* _DATASET SECTION_:
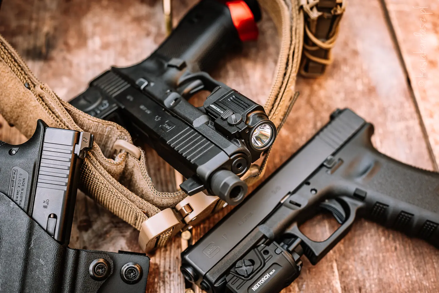 • kabury dedykowane Glockom – pokazując ich mocowanie, profil, zabezpieczenia,
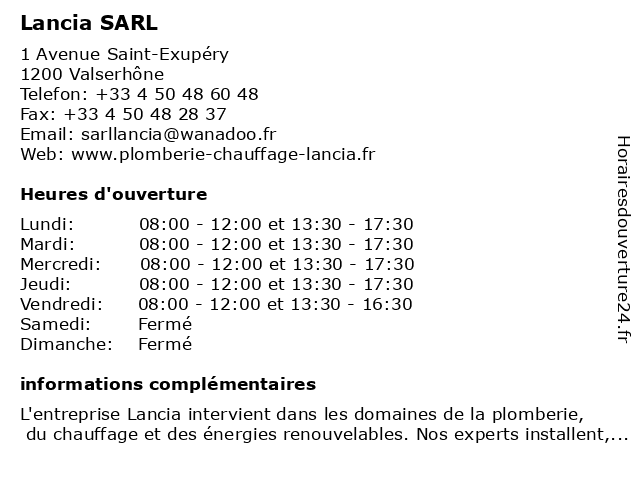 | Lundi | 08:00-12:00 et 13:30-17:30 |
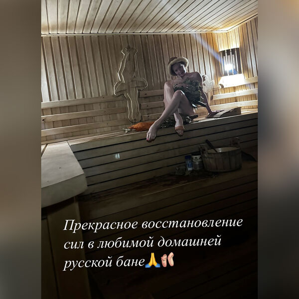 «Прекрасное восстановление сил в любимой домашней русской бане», — подписала кадр артистка.

* _EXERCISE_: The required answer is the material repeated exactly, with no images in it.

* _EXERCISE RESPONSE_:
 • kabury dedykowane Glockom – pokazując ich mocowanie, profil, zabezpieczenia,
 | Lundi | 08:00-12:00 et 13:30-17:30 |
 «Прекрасное восстановление сил в любимой домашней русской бане», — подписала кадр артистка.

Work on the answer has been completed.